If code throws ImportError, AttributeError, or TypeError, introspect the installed package and adapt the example to match the actual API rather than retrying.

Local BLAST

"Run a BLAST search against my custom database" → Build a local BLAST database and search it with query sequences, returning tabular results with identity and e-value.

CLI:
```
makeblastdb
```
,
```
blastn
```
/
```
blastp
```
(NCBI BLAST+)
Python:
```
subprocess
```
wrapper for BLAST+

Run BLAST searches locally using NCBI BLAST+ command-line tools.

Installation (NCBI BLAST+)

# macOS
brew install blast

# Ubuntu/Debian
sudo apt install ncbi-blast+

# conda
conda install -c bioconda blast

# Verify installation
blastn -version

BLAST+ Programs

Command	Query	Database	Description
`blastn`	DNA	DNA	Nucleotide-nucleotide
`blastp`	Protein	Protein	Protein-protein
`blastx`	DNA	Protein	Translated query vs protein
`tblastn`	Protein	DNA	Protein vs translated DB
`tblastx`	DNA	DNA	Translated vs translated
`makeblastdb`	-	-	Create BLAST database

Creating BLAST Databases

makeblastdb - Create Database (NCBI BLAST+)

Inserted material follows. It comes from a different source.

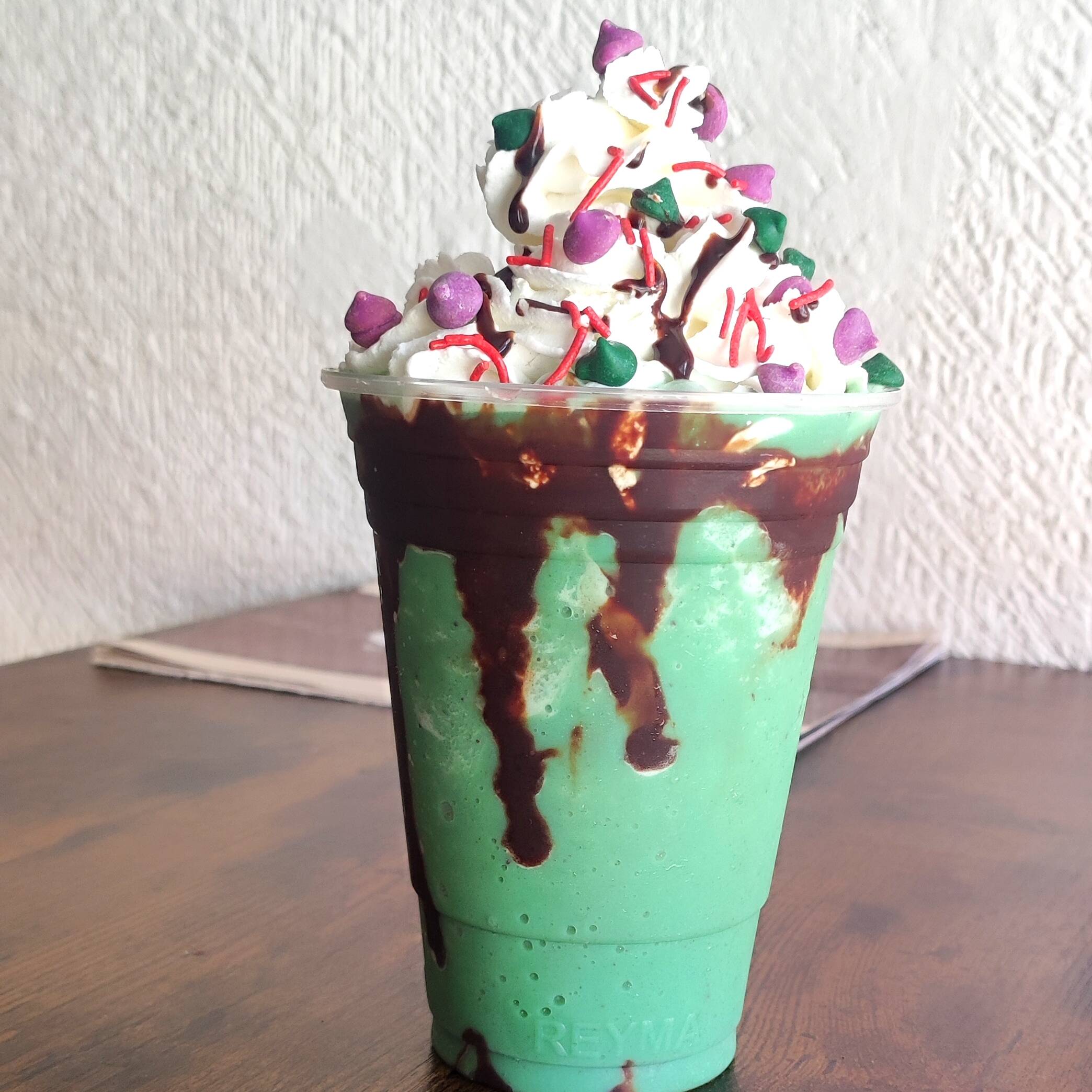 Bebida de 435 ml a base de hielo triturado, leche de tu elección, sabor té matcha con chantilly, jarabe de chocolate hershey´s y sprinkles de chocolate.

# Create nucleotide database
makeblastdb -in sequences.fasta -dbtype nucl -out my_db

# Create protein database
makeblastdb -in proteins.fasta -dbtype prot -out my_proteins

# With title and parse sequence IDs
makeblastdb -in sequences.fasta -dbtype nucl -out my_db \
    -title "My Reference Database" -parse_seqids

Key Options:

Option	Description	Values
`-in`	Input FASTA file	Path
`-dbtype`	Database type	`nucl` , `prot`
`-out`	Output database name	Path prefix
`-title`	Database title	String
`-parse_seqids`	Enable ID-based retrieval	Flag
`-taxid`	Assign taxonomy ID	Integer
`-taxid_map`	Taxonomy ID mapping file	Path

Database Files Created

my_db.nhr  # Header file (nucl) / .phr (prot)
my_db.nin  # Index file (nucl) / .pin (prot)
my_db.nsq  # Sequence file (nucl) / .psq (prot)
my_db.ndb  # Alias file (optional)
my_db.not  # ID index (if parse_seqids)
my_db.ntf  # Index (if parse_seqids)
my_db.nto  # Index (if parse_seqids)

Running BLAST Searches

Basic Usage (NCBI BLAST+)

# BLASTN
blastn -query query.fasta -db my_db -out results.txt

# BLASTP
blastp -query proteins.fasta -db my_proteins -out results.txt

# BLASTX (translate query, search protein DB)
blastx -query genes.fasta -db nr -out results.txt

Common Options

Option	Description	Example
`-query`	Query FASTA file	`-query seq.fa`
`-db`	Database name	`-db nt`
`-out`	Output file	`-out results.txt`
`-outfmt`	Output format	`-outfmt 6`
`-evalue`	E-value threshold	`-evalue 1e-5`
`-num_threads`	CPU threads	`-num_threads 8`
`-max_target_seqs`	Max hits	`-max_target_seqs 100`
`-max_hsps`	Max HSPs per hit	`-max_hsps 1`
`-word_size`	Word size	`-word_size 11`
`-dust`	Filter low complexity (nucl)	`-dust yes`
`-seg`	Filter low complexity (prot)	`-seg yes`

Output Formats (-outfmt)

Value	Format
`0`	Pairwise (default)
`1`	Query-anchored with identities
`5`	BLAST XML
`6`	Tabular
`7`	Tabular with comments
`10`	CSV

Tabular Output Fields (-outfmt 6)

Default columns:

qseqid sseqid pident length mismatch gapopen qstart qend sstart send evalue bitscore

Custom columns:

blastn -query query.fa -db my_db -outfmt "6 qseqid sseqid pident length evalue stitle"

Available Fields:

Field	Description
`qseqid`	Query ID
`sseqid`	Subject ID
`pident`	Percent identity
`length`	Alignment length
`mismatch`	Mismatches
`gapopen`	Gap openings
`qstart`	Query start
`qend`	Query end
`sstart`	Subject start
`send`	Subject end
`evalue`	E-value
`bitscore`	Bit score
`stitle`	Subject title
`qcovs`	Query coverage
`qcovhsp`	Query coverage per HSP

Code Patterns

Create Database and Search

Goal: Build a custom BLAST database from reference sequences and search it with a query.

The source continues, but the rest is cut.